Foreign affairs have been in the news recently with the fear of Russia trying to annex Crimea in the Ukraine. Graham had very strong words for Russian leader Vladimir Putin. “He’s an anti-democratic defacto autocratic dictator,” Graham said. “He’s ripping off the Russian people, and they (the leaders) are living like kings.”
He also had strong words for President Obama, who he said must show leadership and not blink in the face of Putin’s moves or that Putin, and other leaders, specifically rogue dictators, will be emboldened by the U.S.’s failure to act in support of the Ukraine in a bold and decisive way. Graham said having this world crisis at a time when the U.S. military has been cut to some of its lowest levels magnifies the need to keep America’s defenses strong. Iran, for instance, might see the U.S.’s failure to act as more reason to pursue a nuclear weapon, he cautioned.
“Israel will never allow the Iranians to have a nuclear weapon without a Jewish fight,” he said, noting that how the U.S. administration acts at this time sets a precedent that radical Islamic regimes and terrorists will follow closely in making their next moves on the world stage.
“We have a weak president, a dysfunctional Congress and a war-weary public,” he said. That’s a recipe for disaster, according to the senator.
Graham repeated his long-held support for Israel, then he turned to questions from the audience. One was in regards to the belief that Obama is usurping the Constitution. Graham said presidential powers under Obama have been misused, and he said he supports legislation such as the “STOP (Stop This Overreaching Presidency) Bill,” which would help Congress rein in unilateral attempts to change laws from the executive branch.
“Elections matter,” Graham said, noting that people have to live with the consequences and do the best they can if they don’t work to get their preferred political party voted into federal offices.
Another audience question was about party infighting, particularly between the more conservative wing (the Tea Party) and some of the more liberal factions of the GOP. Graham called himself a “Reagan Republican,” but he said there is room under the tent for all conservatives.
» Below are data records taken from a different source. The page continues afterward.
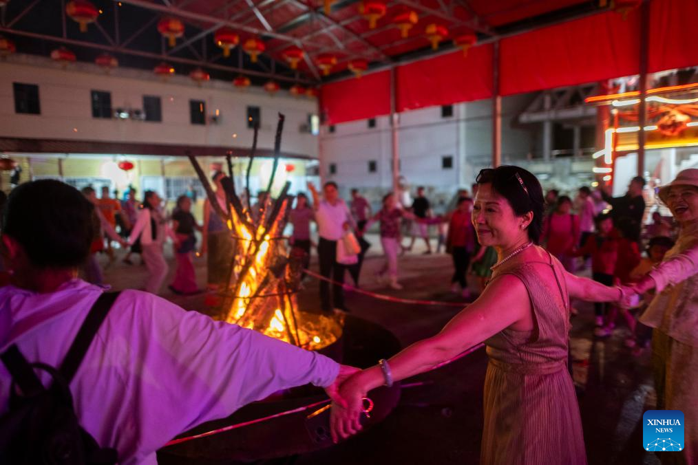 Tourists dance at a bonfire gala in Muyu Town of Shennongjia Forest District, central China's Hubei Province, Aug. 6, 2024. (Xinhua/Wu Zhizun)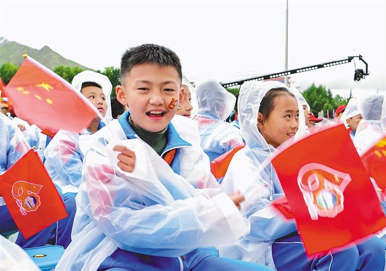 圖為西藏自治區(qū)成立60周年慶祝大會現(xiàn)場,臺下小朋友揮舞著國旗。記者 丹增群培 攝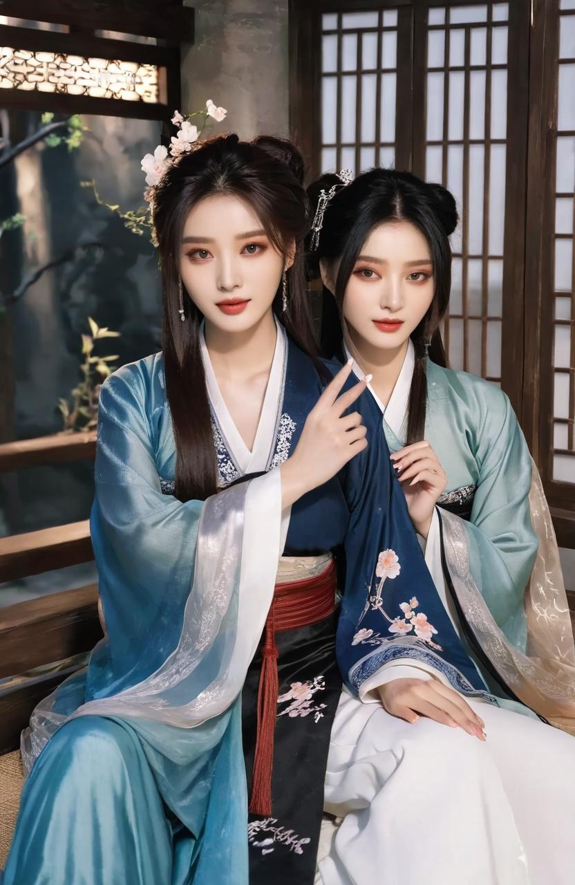 "I want to make cover baihe novel genre xianxia. Dont add letter anything. Just two girl with hanfu like the picture. The blue one is tomboy. And others is feminin"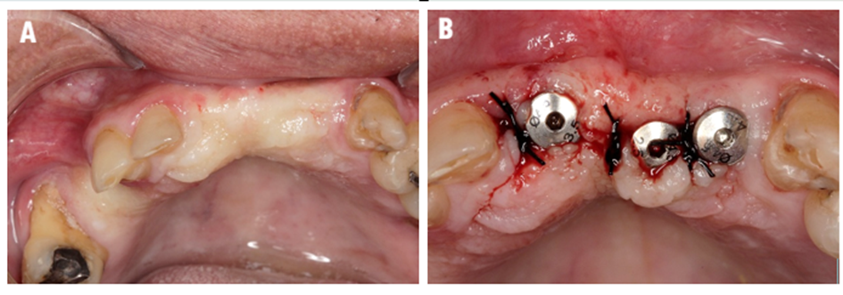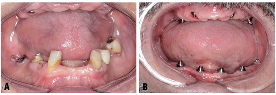 Figura 10 – Em A, temos um caso de múltiplas extrações; em B, temos os pilares instalados e prontos para receber a prótese protocolo.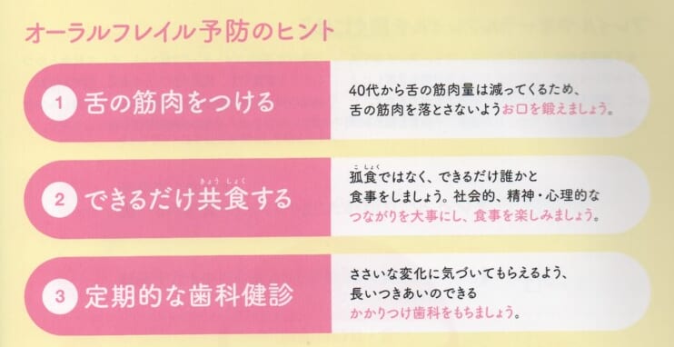こうして、オーラルフレイルは身体的・社会的フレイルへとつながっていき、結果として要介護状態となるリスクを高めます。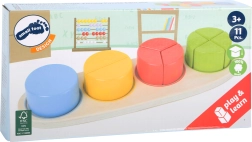 Šī pievilcīgā, krāsainā mācību spēle no 100% FSC sertificētas koksnes ir ideāls rīks bērnu sīkās motorikas un koncentrēšanās spēju attīstīšanai. Lielais cilindrs ir sadalīts mazākos segmentos, kurus bērni šķiro pēc formas un krāsas.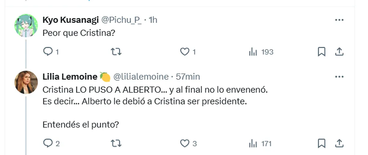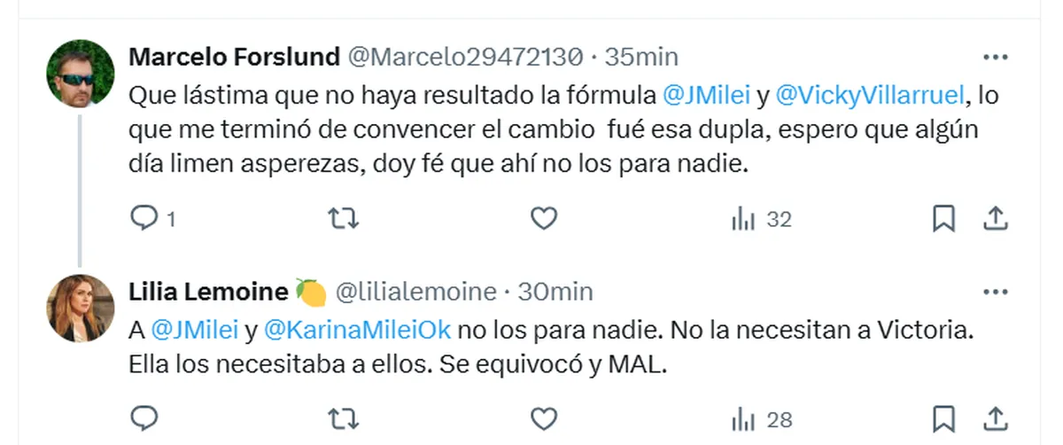 En su cuenta de X (Twitter) Lemoine escribió: "Ya es la peor vicepresidente de la historia. Peor que el Chacho. Porque el Chacho no llegó colgado de las bolas de De la Rúa".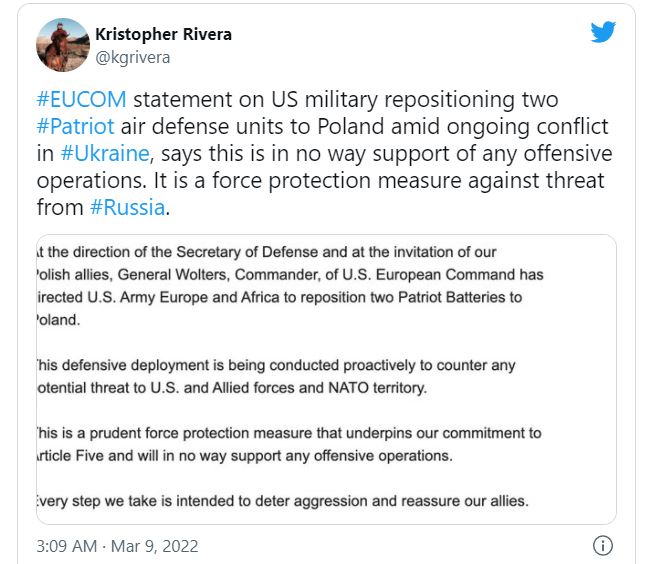Pentagoni ka thënë se do të transferojë dy bateri antiraketë ‘Patriot’ në Poloni me ftesë të Varshavës. Ushtria amerikane ka pohuar se dislokimi ishte thjesht me natyrë mbrojtëse.

He said if Republicans do regain the Senate and have power in both branches of Congress, they must use the power wisely.
One thing Graham said a Republican-led Senate should do right away is take a strong look at what happened when the U.S. Diplomatic Mission in Benghazi was attacked and four people were killed on Sept. 11, 2012. He said there are many questions left unanswered, and it’s not the American way to leave someone dead on the battlefield without making an effort to do something about it. In this case, that “something” would be investigating the incident thoroughly to find out more about what was known and what was done or could have been done.